Saturday, April 21, 2012

Hot with a Chance of Sexy: Simon Cowell

Err'body knows how much I love my dream baby daddy, Colin Farrell, or El Farrell as I have christened him on the fake birth certificate I had made up although I don't have kids.  If I ever have the opportunity to meet him, I'm sure the sounds of his security team screaming, "Ma'am put your clothes back on and step away from Mr. Farrell!" will be forever seared in my brain. Sigh.

What not many people know is that even though I have so much mad love in my heart for El Farrell, I still have room to love another.  And I do- but since I know how divisive he is and how strong people's opinions are about him- I haven't told many people.  Today, since we're all friends here, I will proudly tell y'all his name:  Simon Cowell.  That's right, bitches. Former American Idol judge, X Factor dude, one night stand robbery victim, he of the bizarre Shower Head looking hairstyle, short ass Simon Phillip Cowell makes this hooka feel like a grown woman in my Black Iris area every time I see him.

And it's not because he's a bazillionaire as I'm sure some of the more cynical among you have assumed- at least not in the way you have assumed.  I love that he has had his financial ups and downs and yet he never quit- what can I say?  I find tenacity sexy.  I also love that though he might be brutal in his opinions about people and their talent- or lack thereof- he has managed to remain friends with many of his exes, he definitely has a sense of humor about himself (voice on The Simpson & Family Guy episodes- as well as other comedic turns & self mockery), and he likes kids and puppies (giving to children's charities and a video for PETA), and I'll bet he's nice to waiters.

Simon was born on October 7, 1959 in Lambeth, London & raised in Elstree, Hertfordshire and given he's  a Libra Pig it's no surprise he likes things in excess.  His father was a real estate developer and his mother is a former ballet dancer and socialite.  His father actually helped him get him a job in the mail room at EMI Music Publishing, and helped him get re-hired later as the assistant to an A & R man.  After working his way up, Simon was eventually promoted into music publishing.

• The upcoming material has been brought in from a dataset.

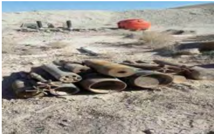
אמצעי לחימה, שאותרו על-ידי כוחות הביטחון העיראקים במחנה אימונים של דאעש באזור מדברי במחוז אלאנבאר (סוכנות הידיעות העיראקית, 19 במרץ 2018).

◆ משרד ההגנה העיראקי דיווח כי אותר מחנה אימונים של דאעש באזור המדברי של מחוז אלאנבאר . במחנה נמצאו אמצעי חבלה (סוכנות הידיעות העיראקית, 19 במרץ 2018).
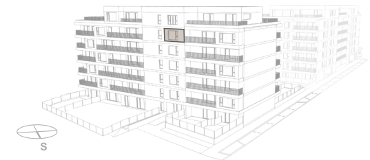
POHLED - BUDOVA B

He left and went to work with Iain Burton at indie label Fanfare Records.  He worked with Burton for 8 years, becoming a partner and building Fanfare into a successful pop label with lots of different artists including Sinitta.  They did well for a while, but by 1989, the label fell into the hands of BMG and a seriously in-debt Simon was forced to move back into his parents' house.  And now look at his ass 23 years later worth about $320 million dollars (according to biographer Tom Bower and the Sunday Times Rich List).  It must've taken an almost possessed drive to come up with his money making ideas and actually bring them to fruition- which makes for a great businessman, but a lousy boyfriend (which he concedes).

Speaking of Tom Bower, he just released his Cowell biography called, "Sweet Revenge:  The Intimate Life of Simon Cowell" in which he says that Simon had, "...20 years- more than 20 years- of humiliation."  I would like to amend that to 20 years and 1 night, because Bower reveals in the book that Simon had a one night stand with some hooka he met at Drai's in Hollywood (mistake #1), took her home (mistake #2), and she stole his wallet and his laptop, which had X Factor secrets on it.  He got the computer back, but (shockingly) all the money was gone from his wallet.  Oh, Simon.

In the book Bower also says that Simon had an affair with Kylie Minogue's sister Danii while she was a judge on the X Factor.  Yawn.  More interesting to me is that Sharon Osbourne is squawking that he cheated with multiple chicks while he was engaged to Mezhgan Hussainy. Hold on!  An incredibly wealthy man who is constantly surrounded by beautiful women actually cheated with one or more?  Wow!  The next thing you know the sun will rise in the east.  First of all, Sharon Osbourne needs to shut the fuck up considering she is married to a man who was in a little rock band called Black Sabbath.  Now, I am not a betting woman, but I am pretty sure five will get me ten if I say he was dirty dickin' around on her quite a bit back in the day.  She knows what wealthy, famous men are like & even more, she knows what women can be like around those said men. If Simon did cheat, which he probably did, he ain't exactly planting a flag in newly chartered territory.

And I have to say that although I am sad that the groovy kind of love we all look for didn't last for Simon and Mezhgan, I didn't want him him to marry her.  Not cos I thought he should come for me- I am not that delusional (besides, what would Colin say?)- but because I want a big personalitied, I-will- take- off- my- earring- and- fight- you kinda broad for Simon.  She's gotta be beautiful, graceful, and well mannered of course (remember his mama was a ballerina and a socialite)- but she's gotta be able to say "Not me & not today" with just her eyes to him. Like ghetto fab smizing.  And I'm sure Mezhgan's broken heart is slightly less cracked as she contemplates life and love in the $8 million dollar mansion he tossed her the keys and title to as she watched his $400,000 Rolls Royce get smaller when he drove off and left her in Iquityabitchville.